• **Records supplied**:
+===+
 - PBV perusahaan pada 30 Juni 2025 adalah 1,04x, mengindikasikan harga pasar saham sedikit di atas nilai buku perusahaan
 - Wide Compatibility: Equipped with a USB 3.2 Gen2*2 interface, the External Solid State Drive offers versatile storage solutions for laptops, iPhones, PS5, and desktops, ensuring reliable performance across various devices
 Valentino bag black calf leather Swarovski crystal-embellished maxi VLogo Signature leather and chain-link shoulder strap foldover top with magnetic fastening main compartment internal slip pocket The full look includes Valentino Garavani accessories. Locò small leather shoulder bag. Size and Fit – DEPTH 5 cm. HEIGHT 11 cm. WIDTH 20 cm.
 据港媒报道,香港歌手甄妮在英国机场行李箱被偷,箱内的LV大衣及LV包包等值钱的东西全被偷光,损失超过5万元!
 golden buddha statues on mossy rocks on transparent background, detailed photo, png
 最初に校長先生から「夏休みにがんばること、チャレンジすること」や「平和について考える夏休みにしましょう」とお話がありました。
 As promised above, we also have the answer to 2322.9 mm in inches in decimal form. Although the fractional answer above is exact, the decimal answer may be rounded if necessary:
+===+
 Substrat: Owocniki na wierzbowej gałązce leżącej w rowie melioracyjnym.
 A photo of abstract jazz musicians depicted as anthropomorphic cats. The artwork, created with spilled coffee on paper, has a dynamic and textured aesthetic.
+===+
• **Task**:
When you reach the line with "- PBV perusahaan" in the records above, start writing out lines exactly, and stop once the line with "As promised above, we" has been written; include nothing else.

• **Solution below**:
 - PBV perusahaan pada 30 Juni 2025 adalah 1,04x, mengindikasikan harga pasar saham sedikit di atas nilai buku perusahaan
 - Wide Compatibility: Equipped with a USB 3.2 Gen2*2 interface, the External Solid State Drive offers versatile storage solutions for laptops, iPhones, PS5, and desktops, ensuring reliable performance across various devices
 Valentino bag black calf leather Swarovski crystal-embellished maxi VLogo Signature leather and chain-link shoulder strap foldover top with magnetic fastening main compartment internal slip pocket The full look includes Valentino Garavani accessories. Locò small leather shoulder bag. Size and Fit – DEPTH 5 cm. HEIGHT 11 cm. WIDTH 20 cm.
 据港媒报道,香港歌手甄妮在英国机场行李箱被偷,箱内的LV大衣及LV包包等值钱的东西全被偷光,损失超过5万元!
 golden buddha statues on mossy rocks on transparent background, detailed photo, png
 最初に校長先生から「夏休みにがんばること、チャレンジすること」や「平和について考える夏休みにしましょう」とお話がありました。
 As promised above, we also have the answer to 2322.9 mm in inches in decimal form. Although the fractional answer above is exact, the decimal answer may be rounded if necessary:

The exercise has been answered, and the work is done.